WORK INSTRUCTION: In the entries below, print exactly the lines from the first through the one with "Khaki Ditsy Floral V-Neck Button Midi Dress", both included, and none of the pictures.

::: EXTRACTED RECORDS

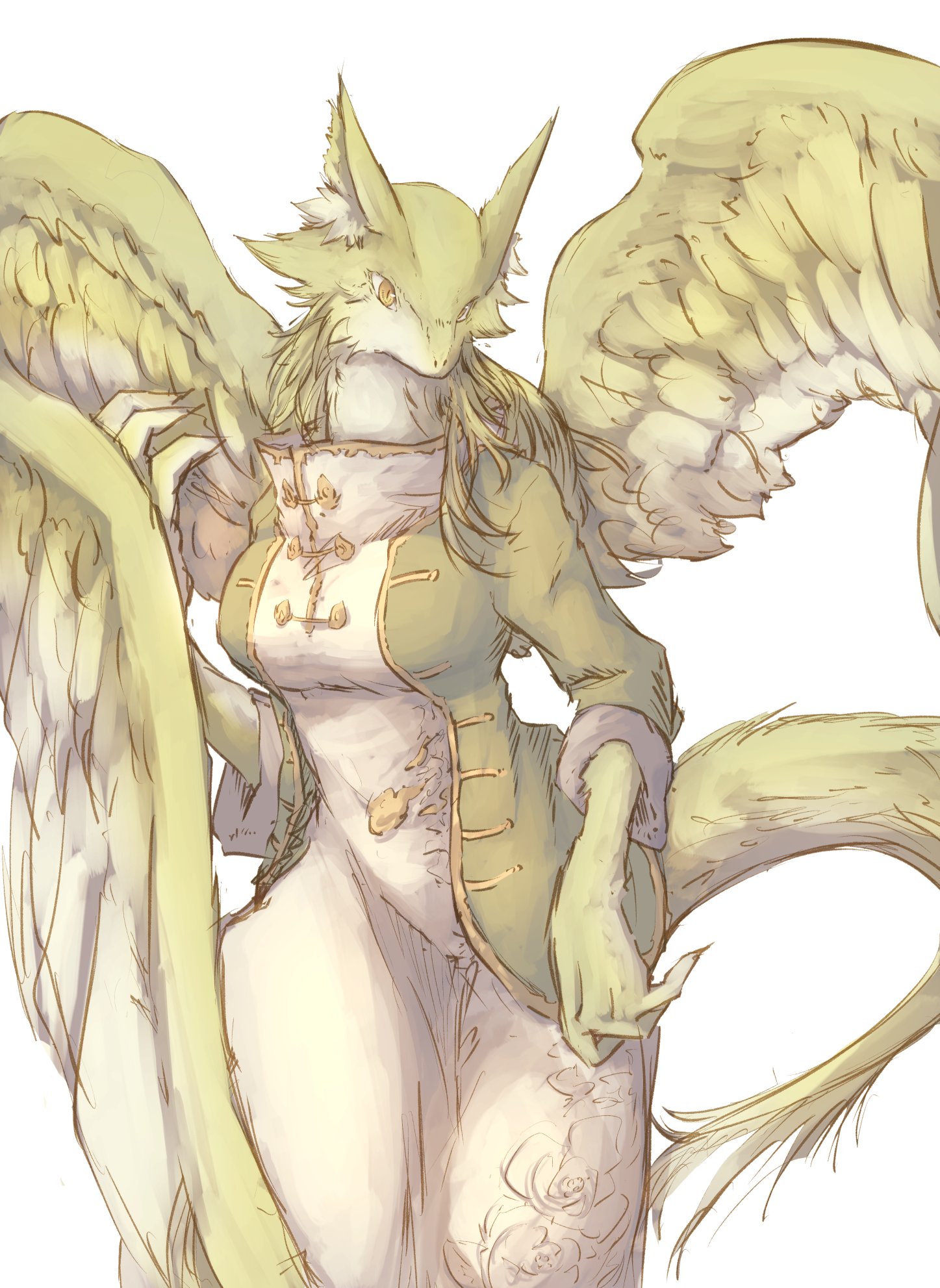羽毛に包まれた珍しいリルドラケン。
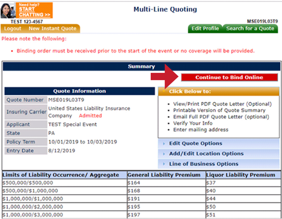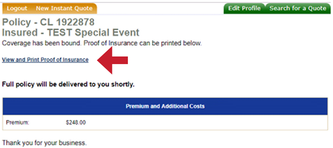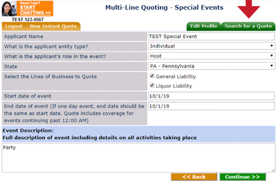 Complete the web quoting process or click “Search for A Quote” to enter your previously obtained Special Events web quote number.
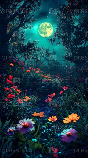 Захватывающий лесной путь с лунным светом, который имеет цветущие цветы и вокруг него есть атмосфера
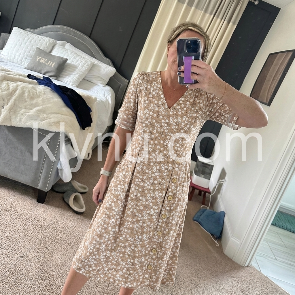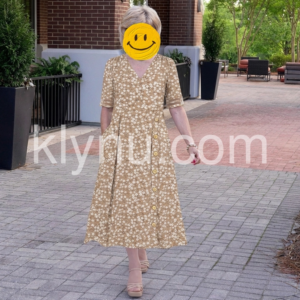 Khaki Ditsy Floral V-Neck Button Midi Dress
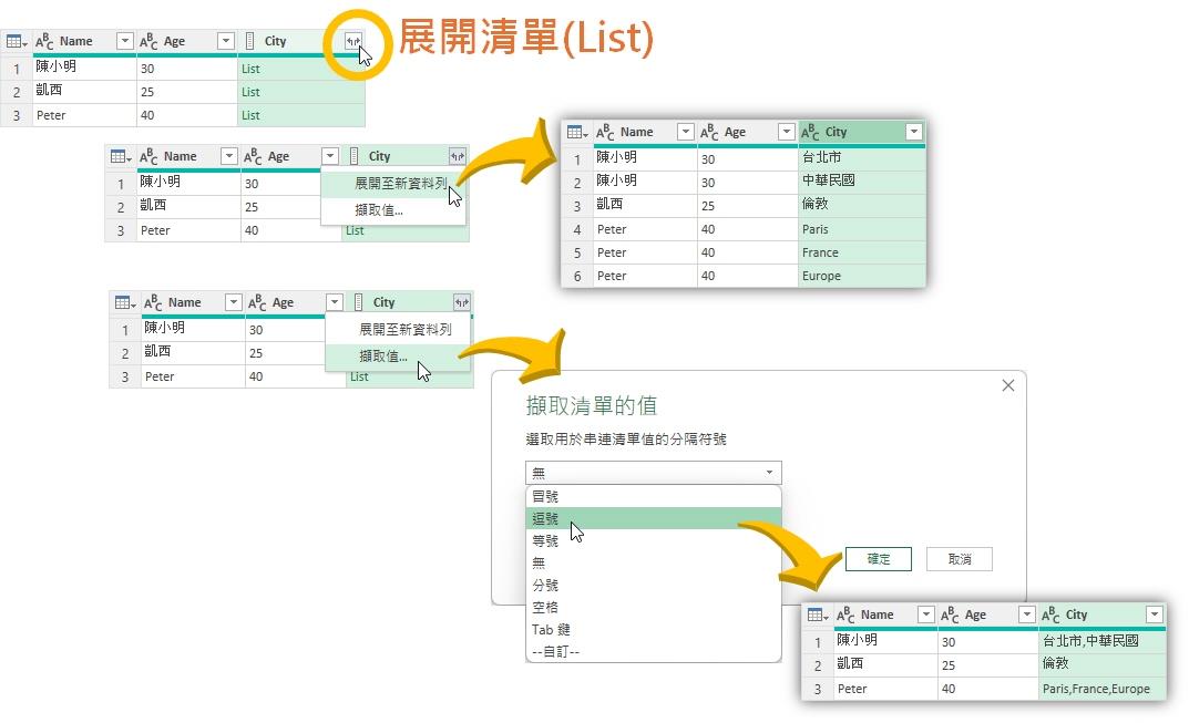 = Table.ExpandListColumn(輸出, "City") - 「擷取值」(Extract Values)

::::::

SOLUTION FOR THIS TASK:
羽毛に包まれた珍しいリルドラケン。
 Complete the web quoting process or click “Search for A Quote” to enter your previously obtained Special Events web quote number.
 Захватывающий лесной путь с лунным светом, который имеет цветущие цветы и вокруг него есть атмосфера
 Khaki Ditsy Floral V-Neck Button Midi Dress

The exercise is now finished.